Empathy I – Empathy Fatigue is Real

In my private practice, I offered psychotherapy to my patients. Having done my psychiatry training in New York City, I did a ton of psychotherapy training. I spent many years learning cognitive behavioral therapy, psychodynamic psychotherapy, and other types of supportive psychotherapy.

I first started my practice with a small caseload. I had maybe fifty patients in total, and most of them liked to do psychotherapy with me. A typical psychotherapy session would be forty-five minutes with the patient and then a ten-minute buffer between appointments. At first, I saw four or five people a day, and I loved it. The connections with my patients energized me. I had no burnout, and I had high empathy.

Over the next few years, my practice grew. I saw more patients per day. Typically, I had a caseload of 150 active patients, and a third needed psychotherapy at any given time. My days got longer and packed back-to-back with appointments. As many of my initial patients stabilized, we switched to shorter medication management appointments. During these shorter appointments, I spent twenty minutes with the patient, with a ten-minute buffer. I could only handle one to two longer psychotherapy appointments per day.

So, what happened? Why could I only see two patients for psychotherapy without feeling tired at the end of the day?

What happened was empathy fatigue. As a psychiatrist and a psychotherapist, I trained in empathy fatigue. Psychotherapists are human beings who can take on only so much in a single day. To be honest, in psychotherapy, the emotions were strong. I felt fatigued when I took on other people’s emotions, put myself in their shoes, and saw what they experienced.

When I looked closer at my practice experience, my empathy level decreased when I saw patients for medication management. Even though these patients were not being seen for psychotherapy appointments, they walked into the room with stories and emotions and things happening in their life. Despite the shorter appointment length and focus on medications, I still found myself empathizing with them. I took on emotional content, even though I didn’t practice psychotherapy, per se.

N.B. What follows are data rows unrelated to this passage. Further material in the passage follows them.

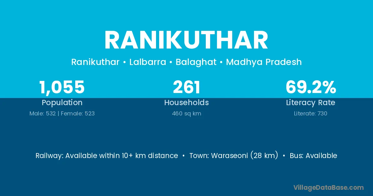 Waraseoni (28 km) is the nearest town to Ranikuthar village for major economic activities and is located approximately 28 km away.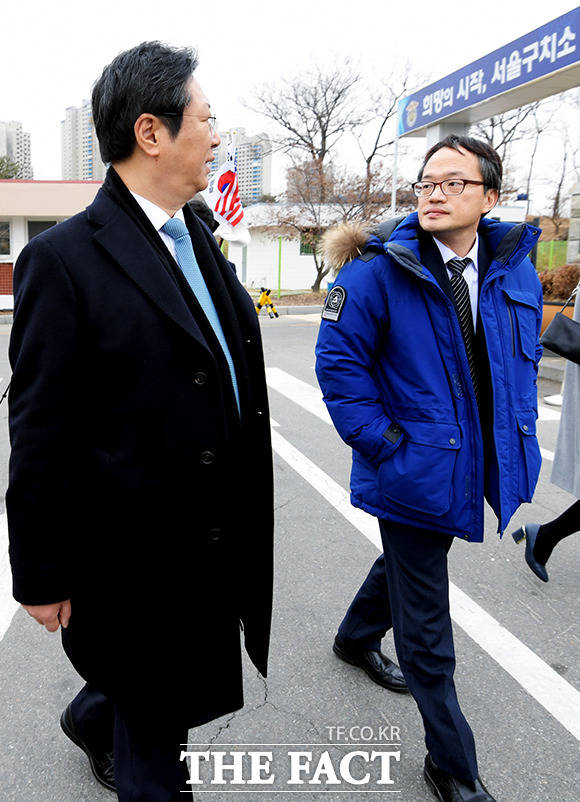 김경수 지사 접견을 위해 구치소를 찾은 박주민 더불어민주당 의원 |
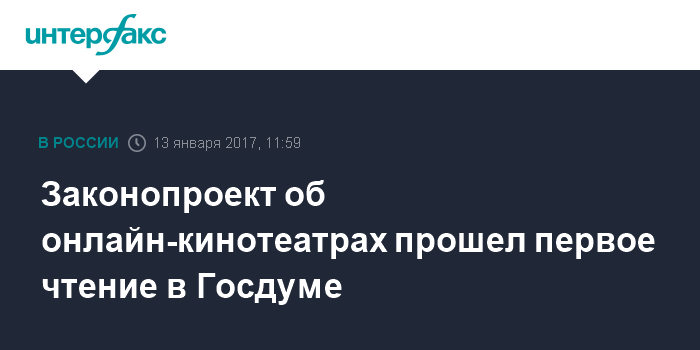 Москва. 13 января. INTERFAX.RU - Госдума в пятницу приняла в первом чтении законопроект об онлайн-кинотеатрах.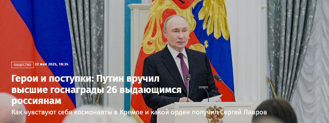 Владимир Путин вручил высшие государственные награды 26 выдающимся россиянам. 22 мая в Екатерининском зале Кремля ордена, медали и почетные звания получили военные, летчики-космонавты, многодетные мамы и государственные деятели, а также директора школ и заслуженные представители рабочих профессий. Президент отметил вклад каждого в общее дело страны: воспитание нового поколения и защиту интересов РФ. Награжденные же признавали: за полученными ими орденами и медалями практически всегда стоит работа целой команды. Кто в этот день получил звание Героя России и куда пригласили Владимира Путина — в материале «Известий».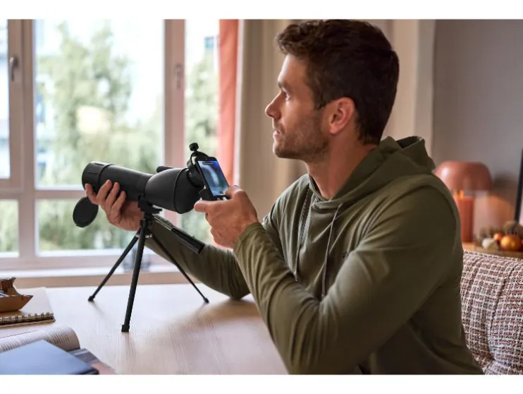 - Voorzien van telefoonhouder op het oculair voor livebeeld, foto’s en video

A typical medication management appointment lasted thirty minutes in total. I had, let’s say, four hours of those a day. Eight people deserved my empathy. By the time I got to the psychotherapy patients, I couldn’t handle more than two in a day. I saw how empathy fatigue arose from medication management, which in theory, should have been cut and dry.

Understanding empathy fatigue helps us understand our struggles in the workplace. I read many articles discussing the need for empathy from managers and leaders. People are currently on video calls for hours and hours, trying to exude empathy through the camera.

Even great leaders only have so much empathy to give in a single day. To maximize the amount of empathy we give in a day, we have to take really good care of ourselves. We must be physically, mentally, relaxed, rested, calm, and collected. We have to show up in an incredibly good state of mind.